• DIRECTIONS FOR THIS TASK
Output everything in the data exactly, leaving the pictures out.

• THE DATA
=== Section Start ===

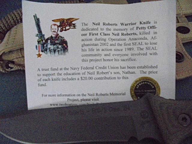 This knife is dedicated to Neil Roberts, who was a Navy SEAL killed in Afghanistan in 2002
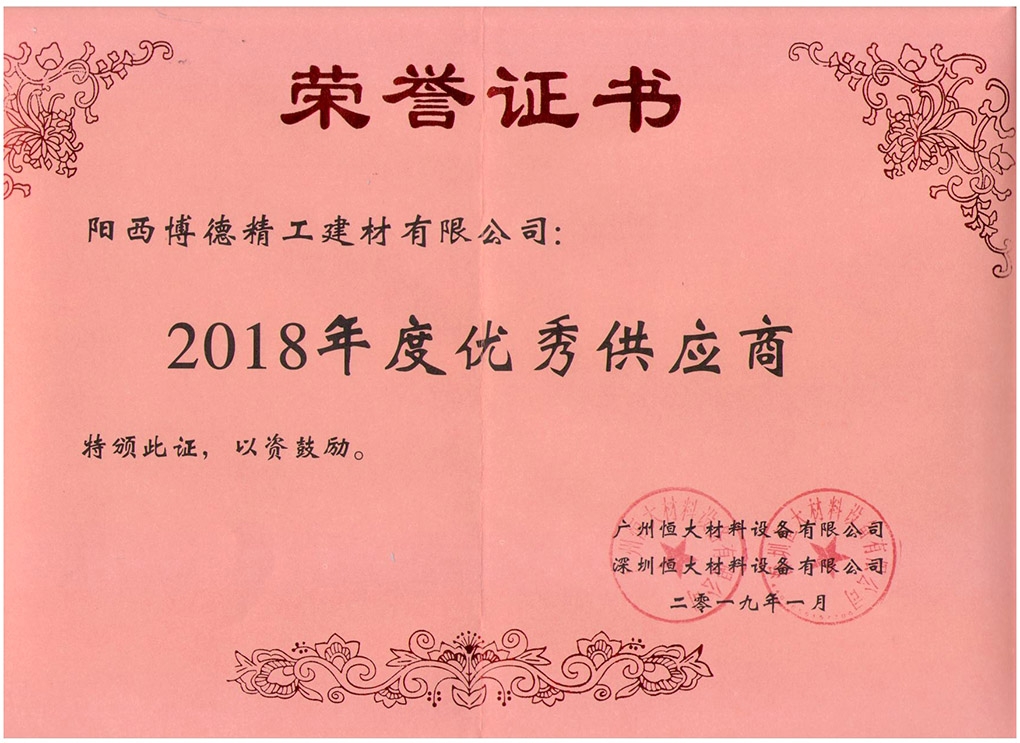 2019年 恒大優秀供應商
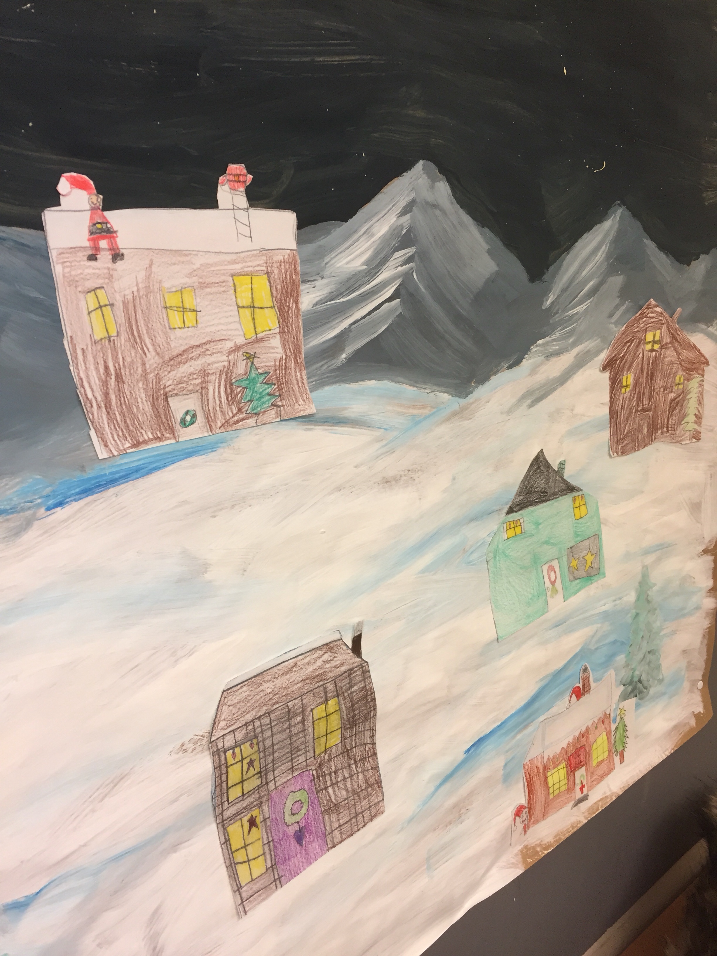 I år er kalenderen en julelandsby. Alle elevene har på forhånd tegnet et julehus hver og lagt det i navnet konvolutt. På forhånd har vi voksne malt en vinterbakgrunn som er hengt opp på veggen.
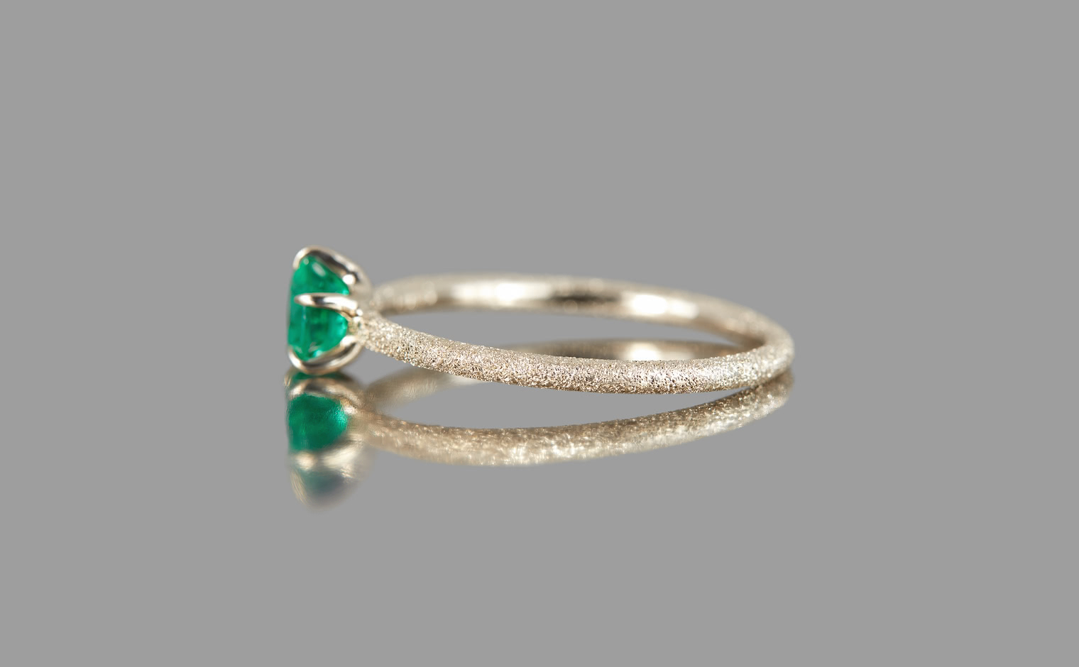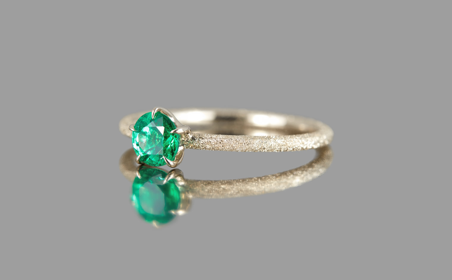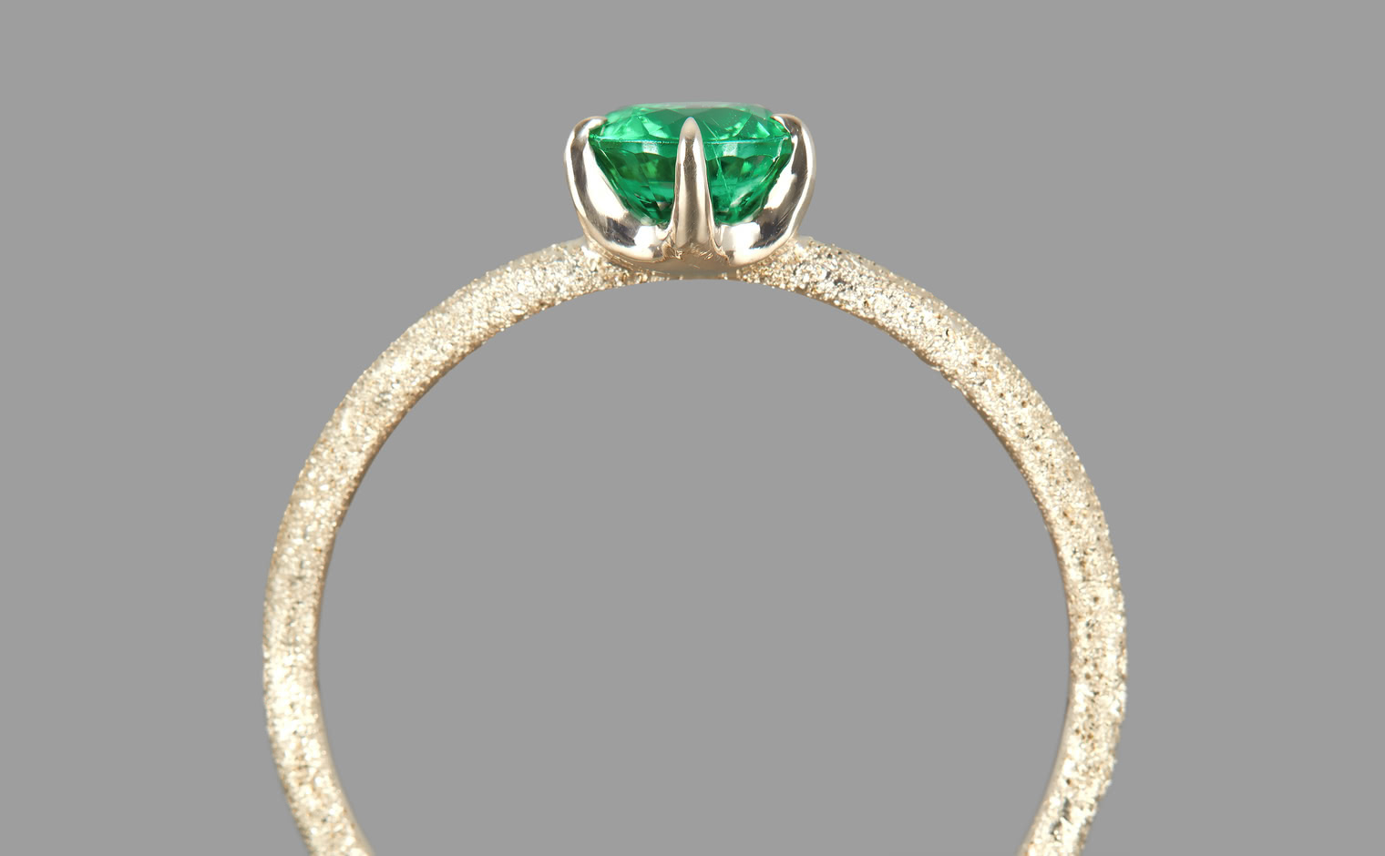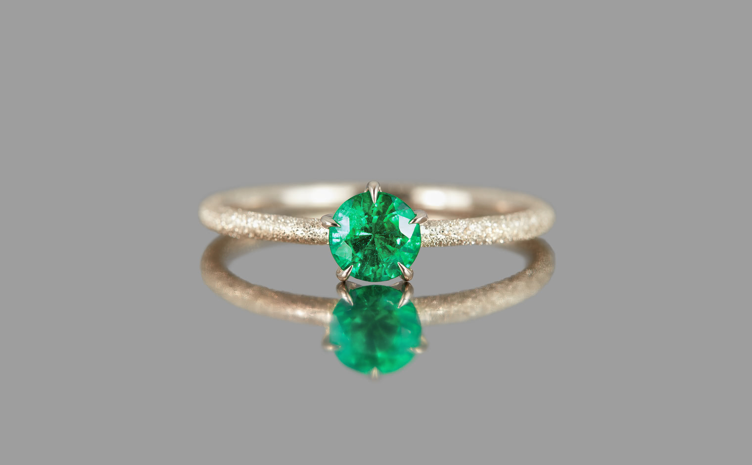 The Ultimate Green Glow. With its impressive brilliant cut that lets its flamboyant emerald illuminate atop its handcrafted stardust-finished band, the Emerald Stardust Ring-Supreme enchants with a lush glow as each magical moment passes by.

=== Section End ===

• COMPLETED EXERCISE
 This knife is dedicated to Neil Roberts, who was a Navy SEAL killed in Afghanistan in 2002
 2019年 恒大優秀供應商
 I år er kalenderen en julelandsby. Alle elevene har på forhånd tegnet et julehus hver og lagt det i navnet konvolutt. På forhånd har vi voksne malt en vinterbakgrunn som er hengt opp på veggen.
 The Ultimate Green Glow. With its impressive brilliant cut that lets its flamboyant emerald illuminate atop its handcrafted stardust-finished band, the Emerald Stardust Ring-Supreme enchants with a lush glow as each magical moment passes by.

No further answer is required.